A 4ª Turma do Tribunal Regional do Trabalho da 12ª Região (TRT-SC) decidiu, de forma unânime, que a utilização de critérios de desempenho para premiar funcionários ou organizar escalas de trabalho não configura, por si só, assédio ou dano moral. A decisão reformou uma sentença de primeiro grau que havia condenado uma rede de lojas ao pagamento de indenização a uma ex-vendedora.
No processo, a funcionária alegou que a empresa utilizava um ranking de produtividade para definir quem teria preferência na escala de trabalho e no atendimento a clientes. Segundo a argumentação da trabalhadora, essa prática criava um ambiente de pressão psicológica e exposição indevida perante os colegas, o que caracterizaria abalo moral passível de reparação financeira.
Ao analisar o recurso da empresa, o relator do caso destacou que o poder diretivo do empregador permite a fixação de metas e a diferenciação de empregados com base na eficiência técnica. Para o colegiado, a existência de um ranking interno é uma ferramenta de gestão comum e legítima, desde que não seja acompanhada de punições humilhantes, xingamentos ou exposição pública da honra do trabalhador.

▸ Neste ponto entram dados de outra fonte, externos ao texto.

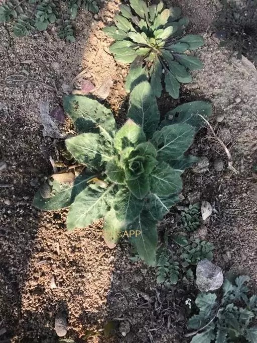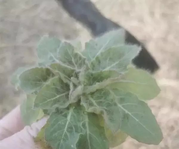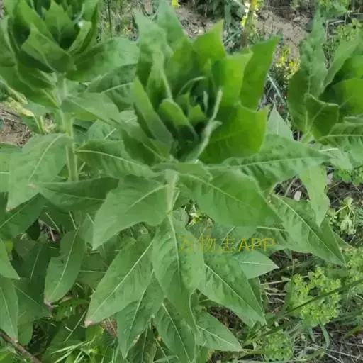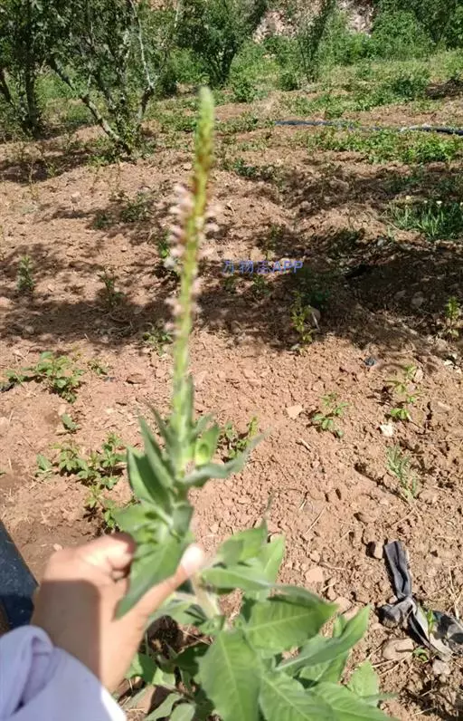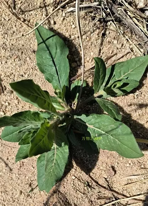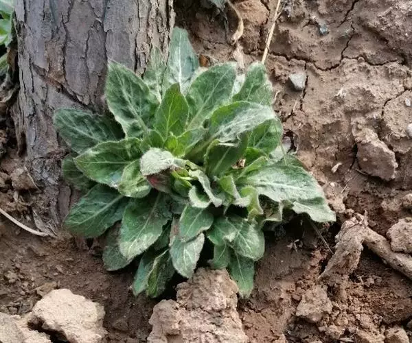一年生草本,主根径达2厘米,全株尤茎上部、花序、叶、苞片、萼片蜜被伸展灰白色长毛与腺毛;茎直立,不分枝,或在顶部花序之下少数分枝,高50-100厘米。基生叶宽倒披针形,长达12厘米,宽达2.5厘米,先端锐尖,基部渐狭下延至柄。
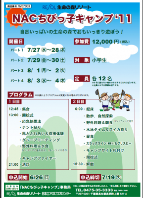 《生命の森リゾート》日本エアロビクスセンター(NAC)では今夏も小・中学生対象の夏休みイベント「NACちびっ子キャンプ2011」と「NACワイルド自然塾2011」を開催予定。いずれも毎年恒例、ちびっ子だけではなく、父兄の方にも“子どもたちが自然のなかで様々な遊びを思いっきり体験できる”“野外活動の素晴らしさやルールが学べる”と、人気の高い夏休みイベントとなっています。すでに参加予約が集中しており、申込み締め切りは、いずれも7月19日(火)となっています。
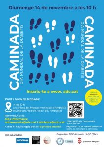 Caminada pel Dia Mundial de la Diabetis a Amposta, un recorregut urbà amb obsequis per a tots els participants. Donació de tres euros solidaris per a la investigació d’aquesta malaltia.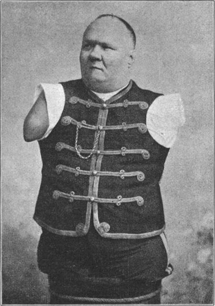 Er ist in Cincinnati (Ohio) geboren, jetzt etwa siebenundzwanzig Jahre alt und eine grosse, äusserst kräftige Gestalt. Seine seltsame Kunst producirt er in Museen und auf Specialitäten-Bühnen und bezieht stets bedeutende Gagen.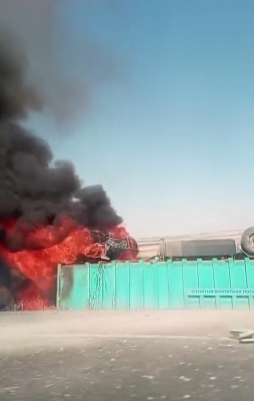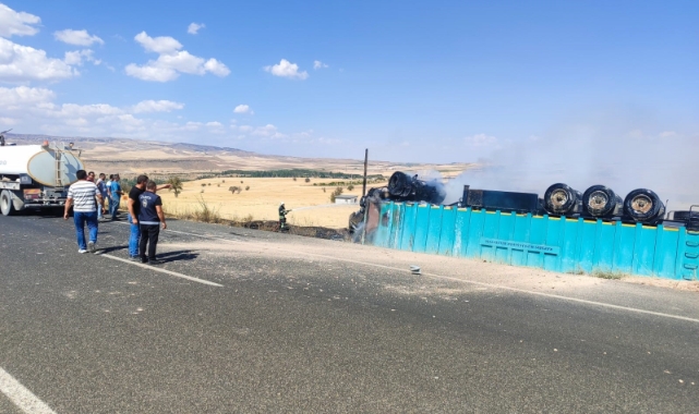 Kayseri'nin Bünyan ilçesinde bir şoför, devrildikten sonra yanan tırdan atlayarak kurtuldu.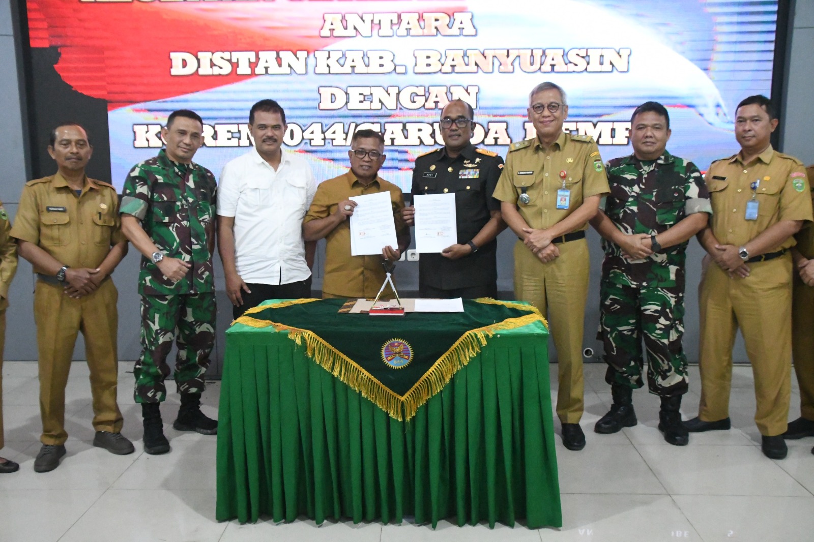 Kontrak cetak sawah antara Kab. Banyuasin dan Korem 044/Gapo seluas 1.227,5 Ha, turut dihadiri oleh Staf Ahli Kementan Bapak Suwandi, pejabat dari Dinas Pertanian, Kasiter Kasrem 044/Gapo serta Dandim 0430/Banyuasin.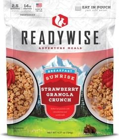 Each pouch of Sunrise Strawbery Granola Crunch contains 2.5 servings and is resealable. These pouches are lightweight making the easily portable for any outdoor adventure. Just add water and you can eat directly from the pouch.

A decisão reforça o entendimento de que o dano moral no ambiente de trabalho exige a prova de um tratamento degradante que extrapole a normalidade das relações profissionais. No caso em questão, os magistrados entenderam que a vendedora não foi submetida a situações vexatórias, mas sim a uma dinâmica de competitividade inerente ao setor comercial, sem que houvesse violação aos seus direitos de personalidade.